The Mac M4 Max as a generation machine

The M4 Max is a wonderful prompt and review machine. Writing prompts, captioning, ledger review, design QA, the MDX in your editor, all of it stays fast. Where it stumbles is at the diffusion side, and only when you push past one image at a time.

mflux is the native MLX port of Flux that runs Schnell and dev locally on Apple silicon. On an M4 Max with 64GB unified memory, Flux Schnell at 4 steps and 1344x768 takes about 30 to 40 seconds warm. Honest performance for a laptop chip. It is also the fastest the Mac will go, because two mflux processes in parallel push the unified memory architecture into aggressive paging, swap fills, and the machine becomes unresponsive for a minute or more. I shipped the throttle that keeps an M4 Max from paging itself into the floor under Flux specifically so it would stop happening.

The Mac also caps out at one model family. mflux runs Flux. It does not run Z-Image Turbo or Qwen Image. For a pipeline that routes different article archetypes to different models, that ceiling matters more than wall-clock seconds.

The base M4 Max with 64GB memory was around $3,200 at evaluation time. If you already own one for design or development work, the marginal cost for image generation is zero. Buying a Mac specifically for image work spends a lot on a serial-only, Flux-only rig.

RTX 4090 new, RTX 3090 used, or no GPU at all

The Windows side of the question is where the GPU hardware selection for image generation gets interesting. Three branches mattered: a new RTX 4090, a used RTX 3090, and a no-purchase option leaning on the API for whatever an 8GB card cannot run.

The RTX 4090 with 24GB VRAM ran $1,800 to $2,200 new during the evaluation window. It runs Flux dev at full resolution and every quantized variant of every diffusion model shipped recently. Wall-clock per image stops mattering in a solo workflow. It also comes with a warranty, which the secondary market does not.

The RTX 3090 with 24GB VRAM ran $700 to $900 on the used market in the same window. Same 24GB as the 4090. Meaningfully slower (call it 60 to 70 percent of 4090 speed on Flux dev), but at solo volume that gap rarely costs a real minute. The risks are real: secondary-market 3090s are often former mining cards that have run hot for years, sellers lie about hours, and the fans are usually the first thing to go. No warranty, no return path.

The no-GPU option keeps the API on the table. fal.ai ran $0.04 to $0.05 per Flux Schnell image at volume during my evaluation. Replicate was in the same band. You pay nothing when you are not generating, which matters more than the per-image rate when volume is low or bursty.
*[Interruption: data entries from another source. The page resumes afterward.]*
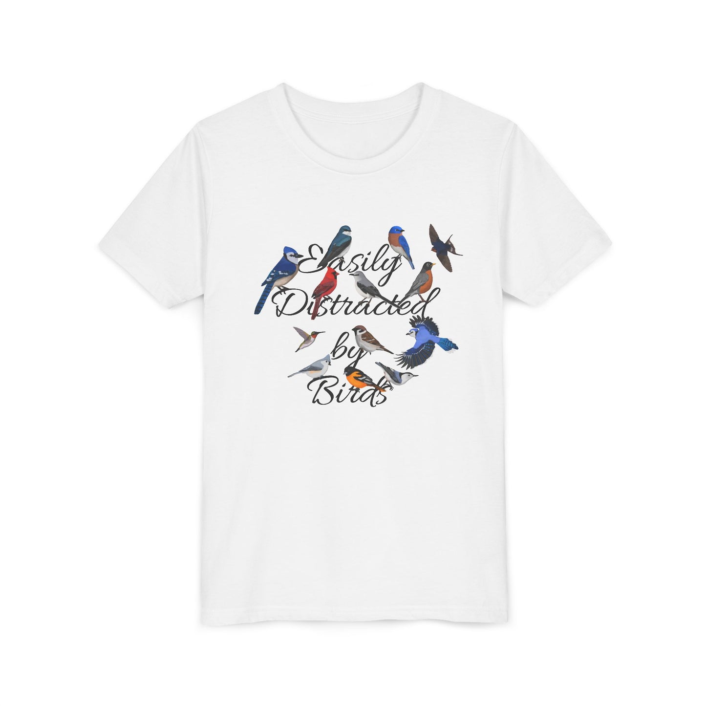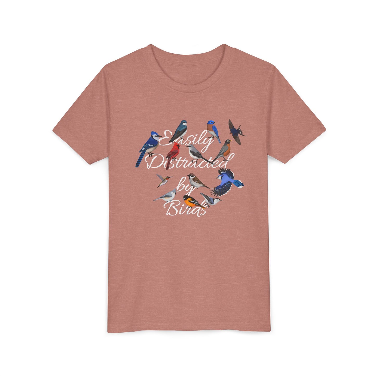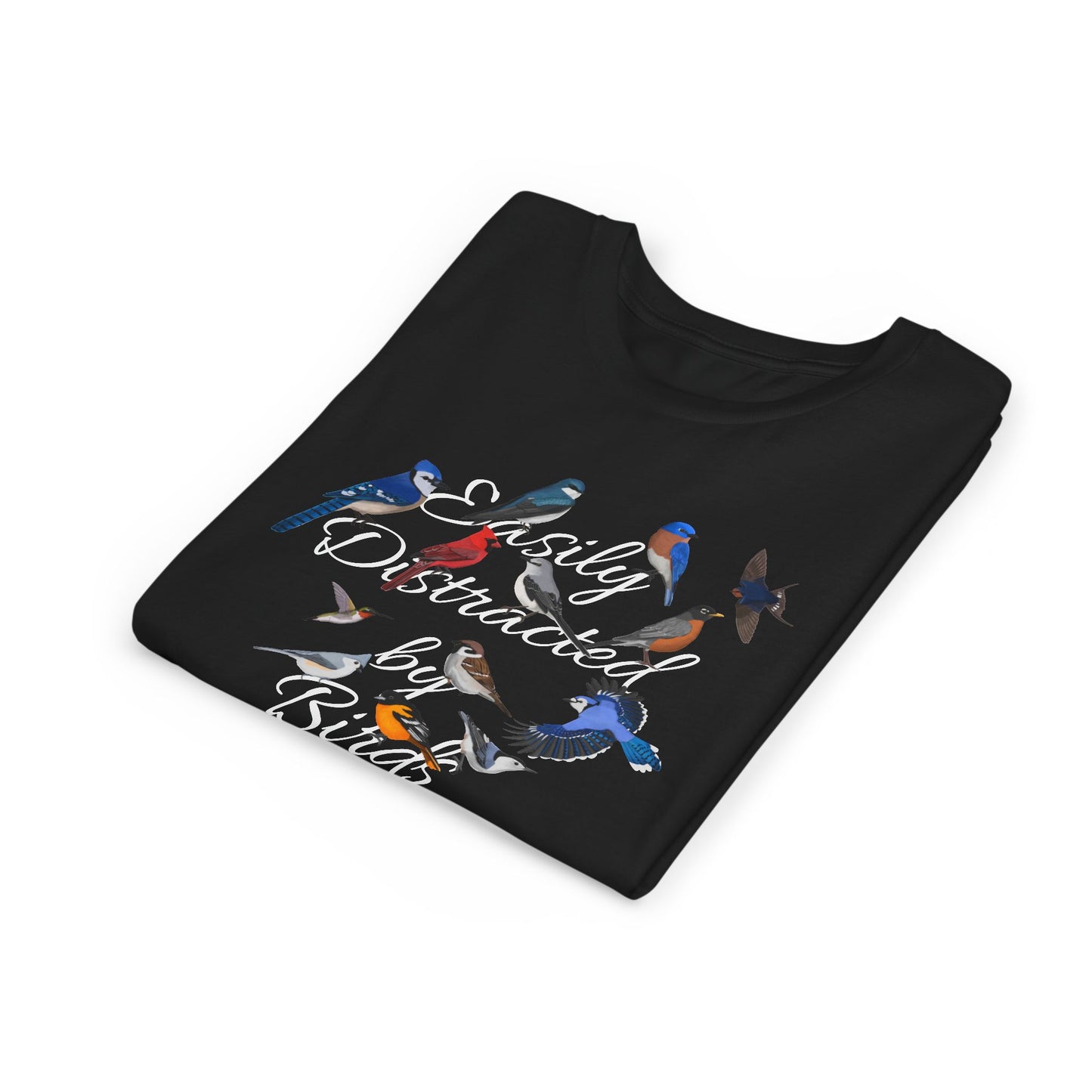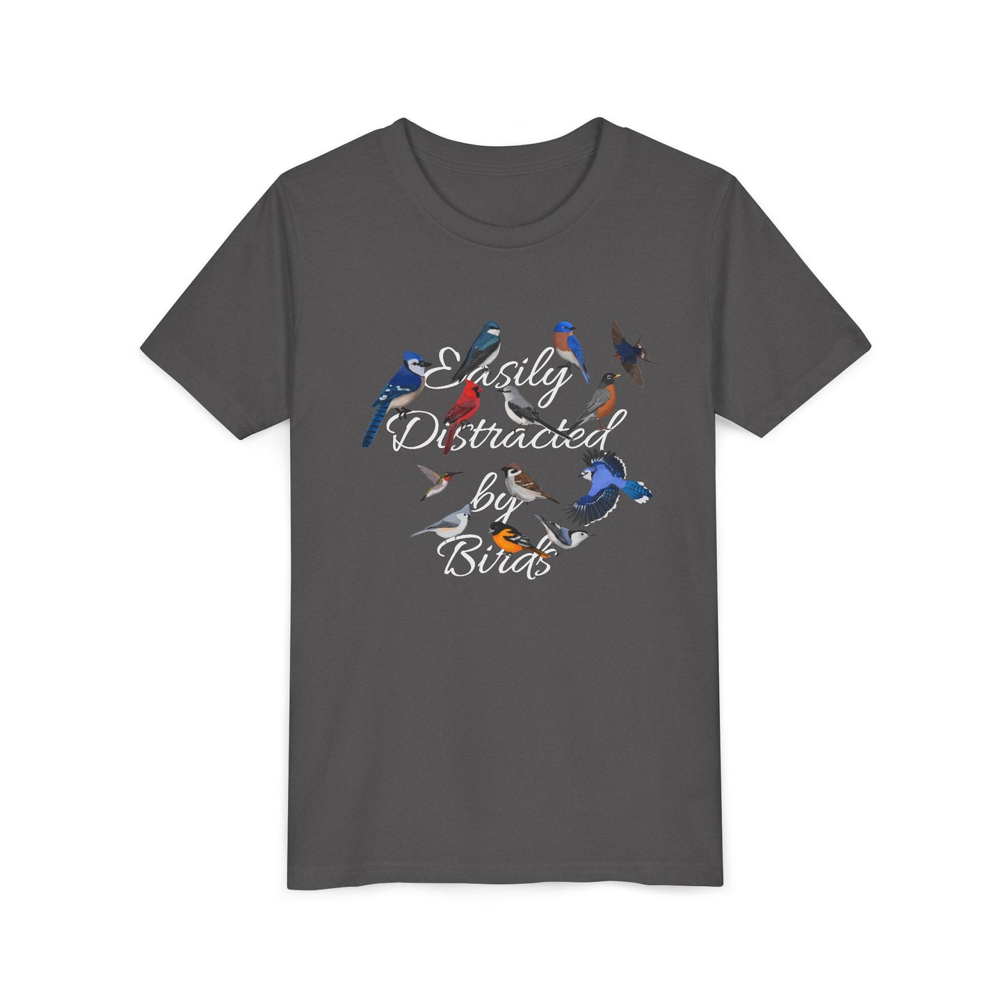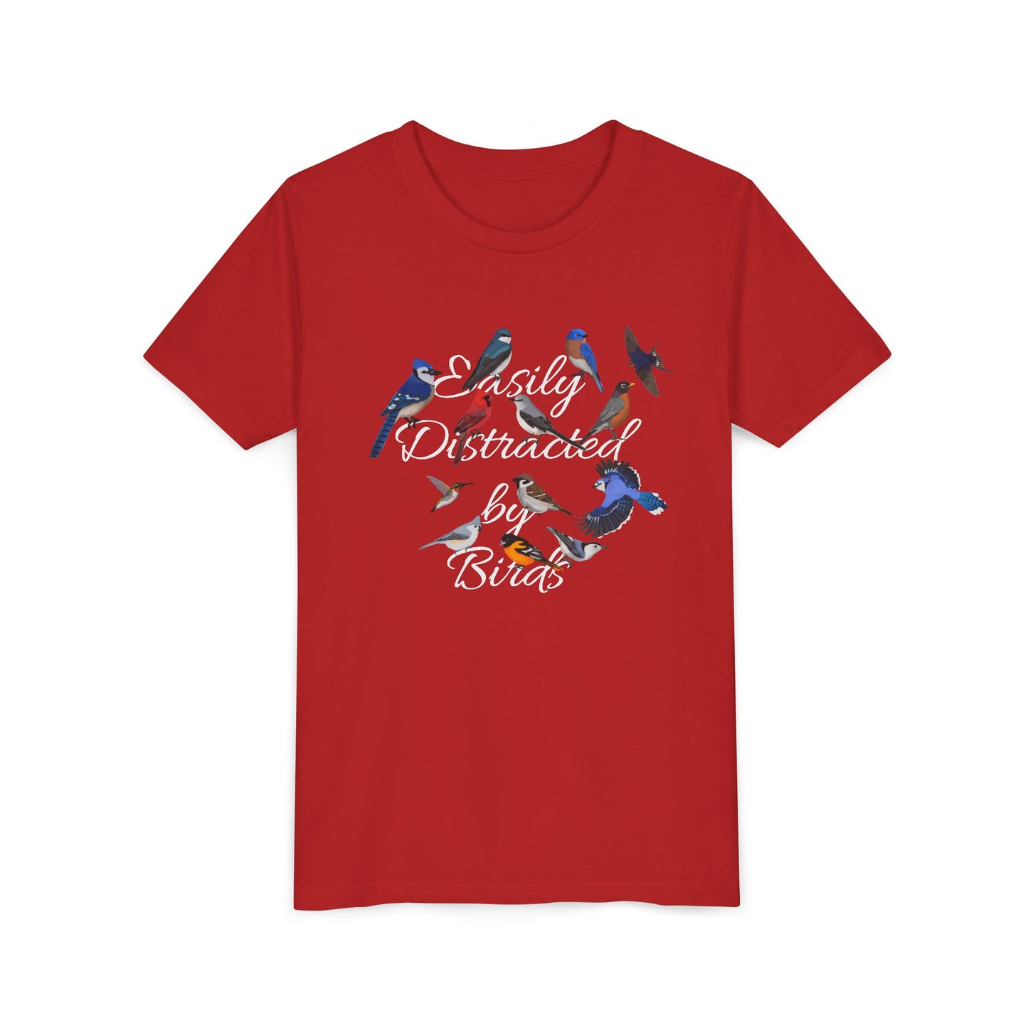 Easily Distracted by Birds Blue Jay Cardinal Oriole Robin Birding & Birdwatching Bird Youth T-Shirt
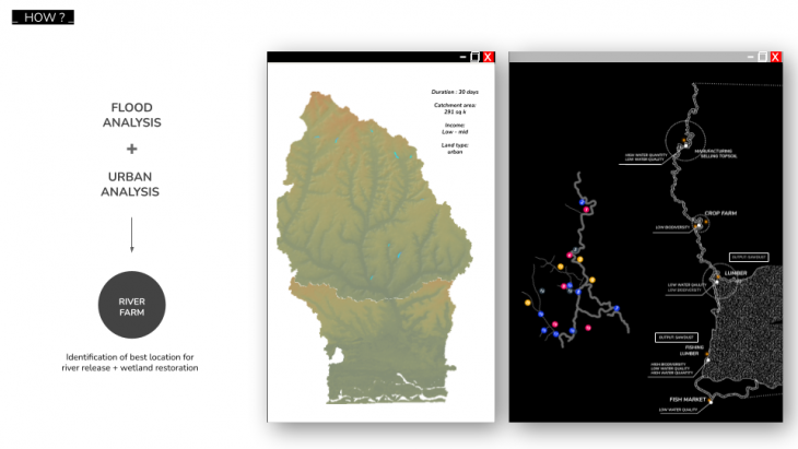 In order to locate the best places for the river farm to effectively utilize flood waters, a flood analysis and urban analysis are conducted. Here we’re able to locate the sweet spots for the farming plots.
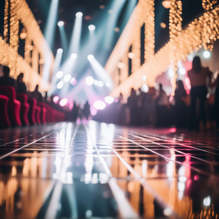 A captivating fashion show featuring models walking the runway in stunning outfits. The venue is illuminated with striking lights, creating a glamorous atmosphere.
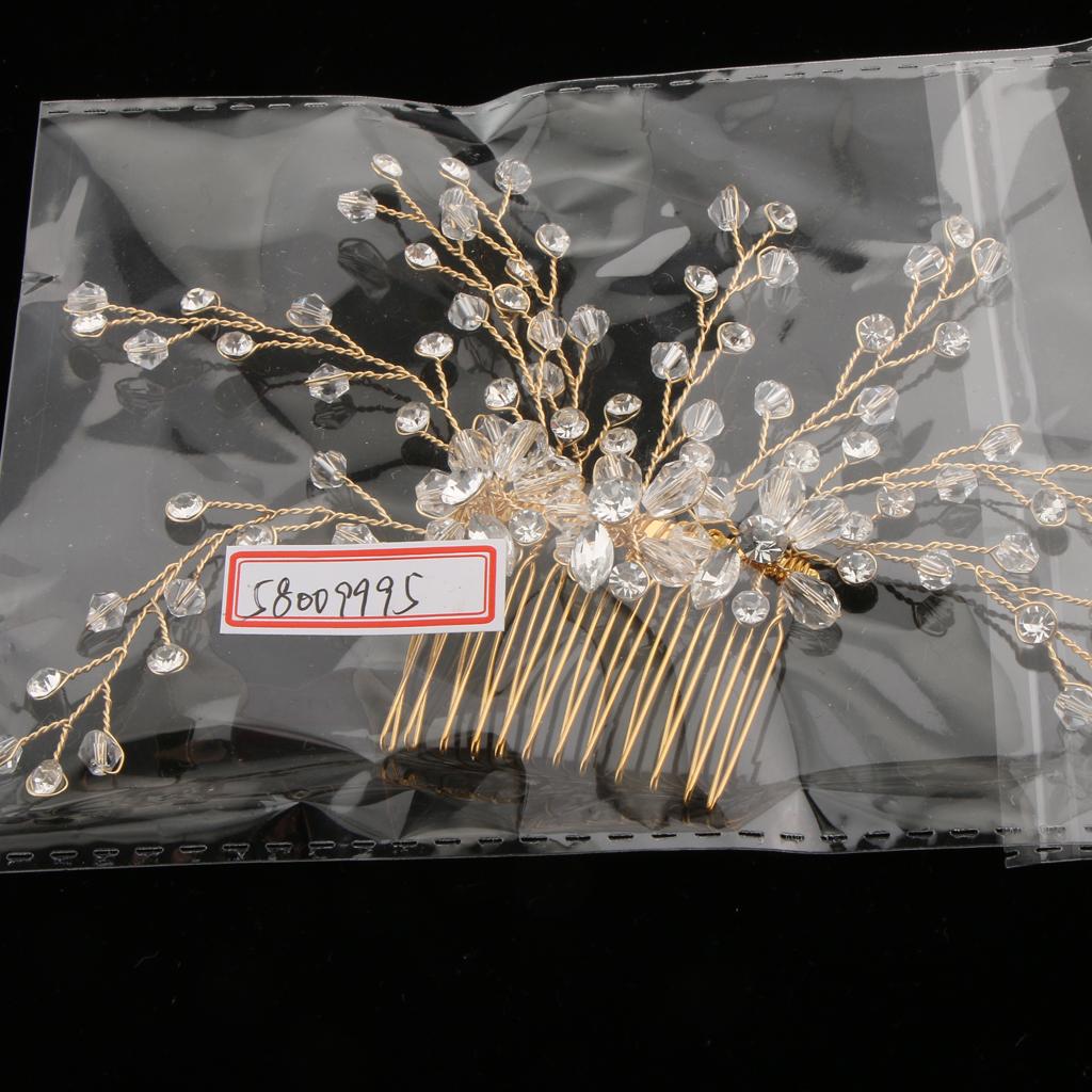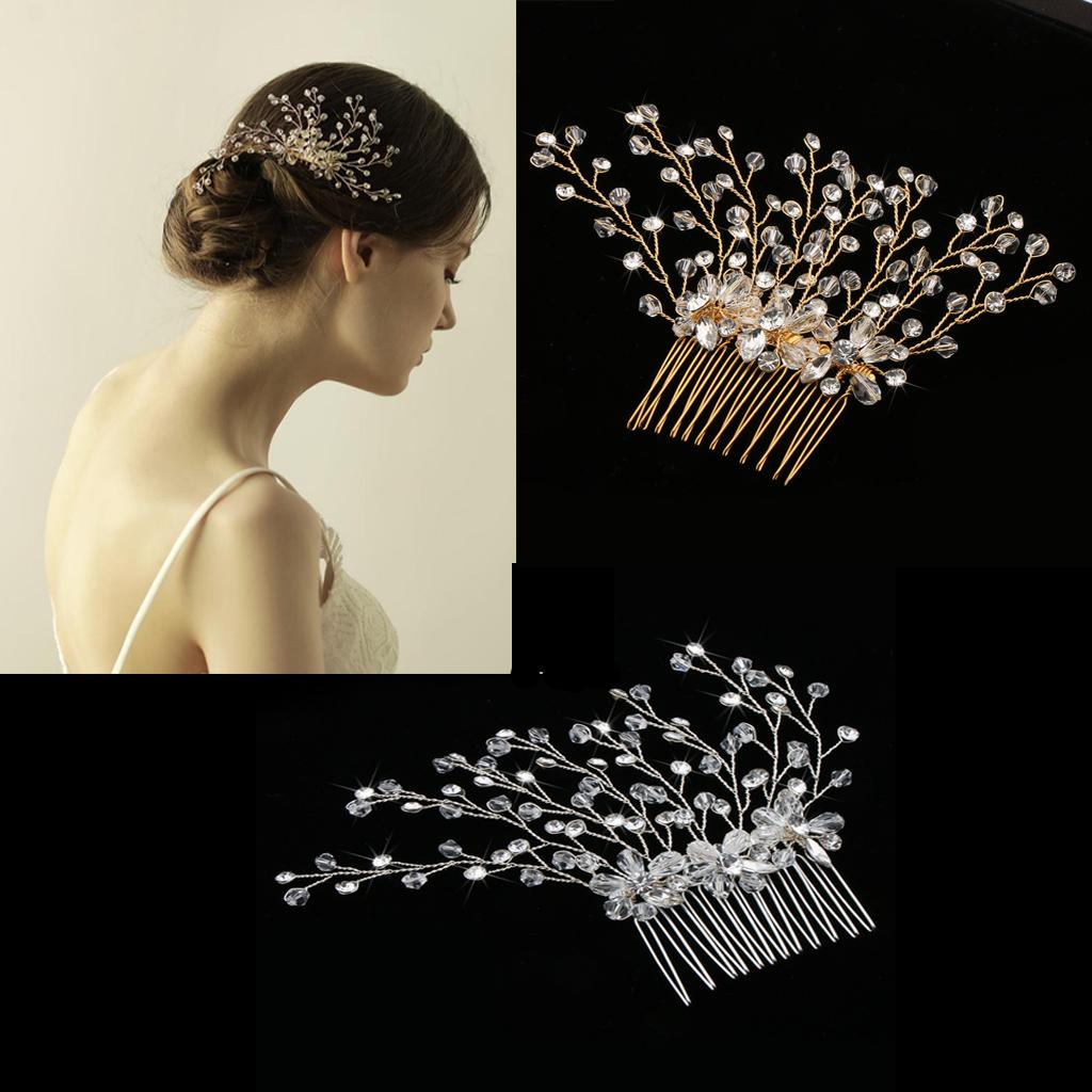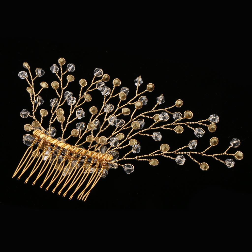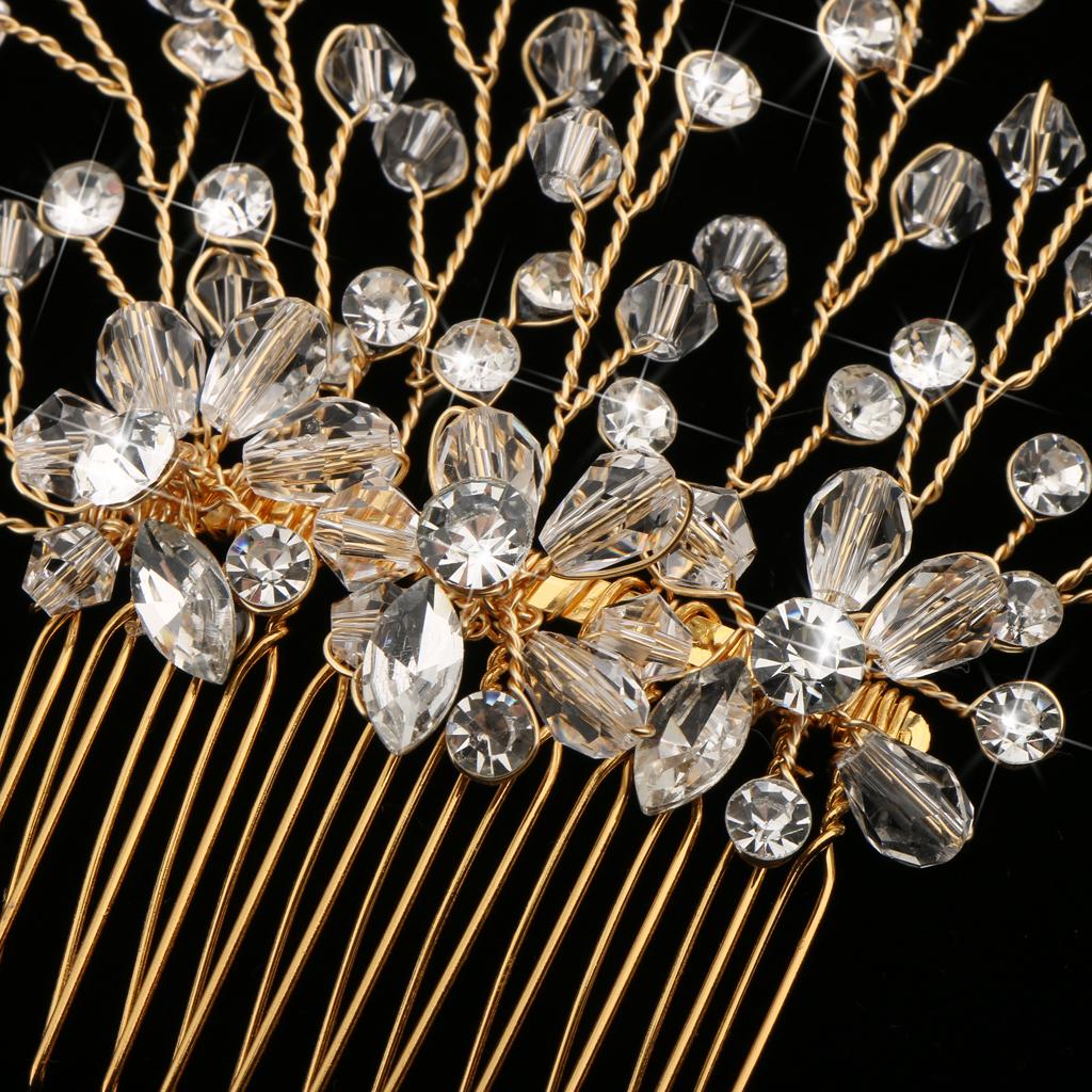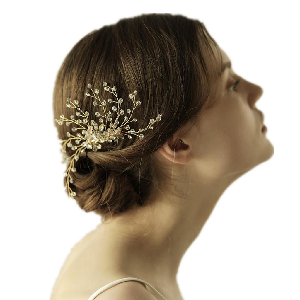 Delicate Crystal Rhinestone Flower Branches Hair Comb Bride Accessory Gold
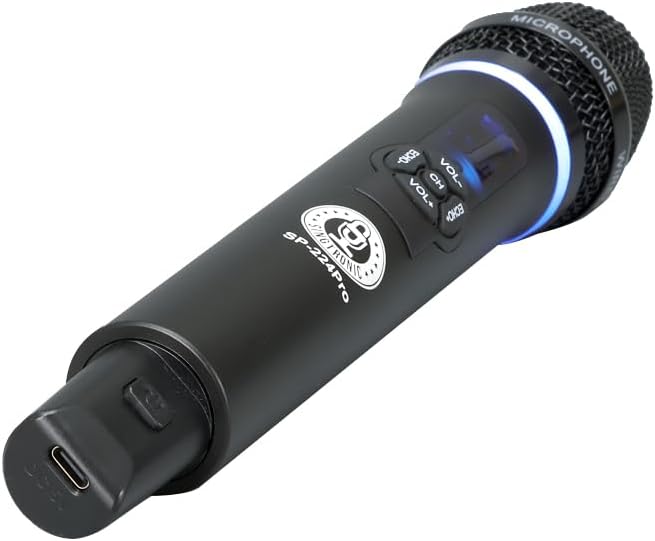 نظام ميكروفون لاسلكي رقمي قابل للشحن من SINGTRONIC SP-224Pro | بطارية ليثيوم مدمجة، مضادة للعواء، لا حاجة لمنفذ طاقة، ميكروفون كاريوكي بدون استخدام اليدين للاستخدام في الهواء الطلق

The 8GB cards deserve a brief mention because that is what I actually have. An RTX 3070 8GB will run Z-Image Turbo at 1024x1024 in roughly 18 seconds warm and Flux Schnell GGUF quantized variants. It does not run Flux dev at full quality. If you are buying anything new, skip the 8GB tier.

Wide atmospheric haze over a dim plain, single distant translucent monolith barely visible through electric-blue mist, hot-pink ember on the far horizon. — // the haze · monolith barely visible through mist

The break-even math at 2026 prices

Numbers I trust because I ran them on my own pipeline.

At 200 images per month, fal.ai at $0.04 per image is $96 per year. At $0.05 per image it is $120 per year. That is the API line.

A new RTX 4090 at $2,000 amortized over 12 months is $167 per month and never breaks even at this volume in year one. Over 36 months it drops to $56 per month, which means break-even somewhere around 1,400 images per month sustained. That is well past what a solo practice runs.

A used RTX 3090 at $800 amortized over 24 months is $33 per month, or $400 of year-one cost. At 200 images per month it pays back the API in about 8 months. At 300 it pays back in 5. The 3090 is the only consumer card whose math works at solo volume in year one.

Electricity is real but not a tiebreaker. The Windows box draws roughly 350W under render and idles around 80W. At 12 cents per kWh and two hours of rendering per day, rendering electricity is about $30 per year. Idle power, if the machine is on 24/7, is closer to $80 per year. Wake-on-LAN before a batch drops idle to near zero.

The line item nobody costs in is time spent fighting the machine. The hours I lost to Mac swap-thrash incidents before the wrapper landed were worth more than any GPU. Hours lost to a 3090 with dying fans would be the same trade running the other direction. Time is the volatile cost in this calculation, not the parts.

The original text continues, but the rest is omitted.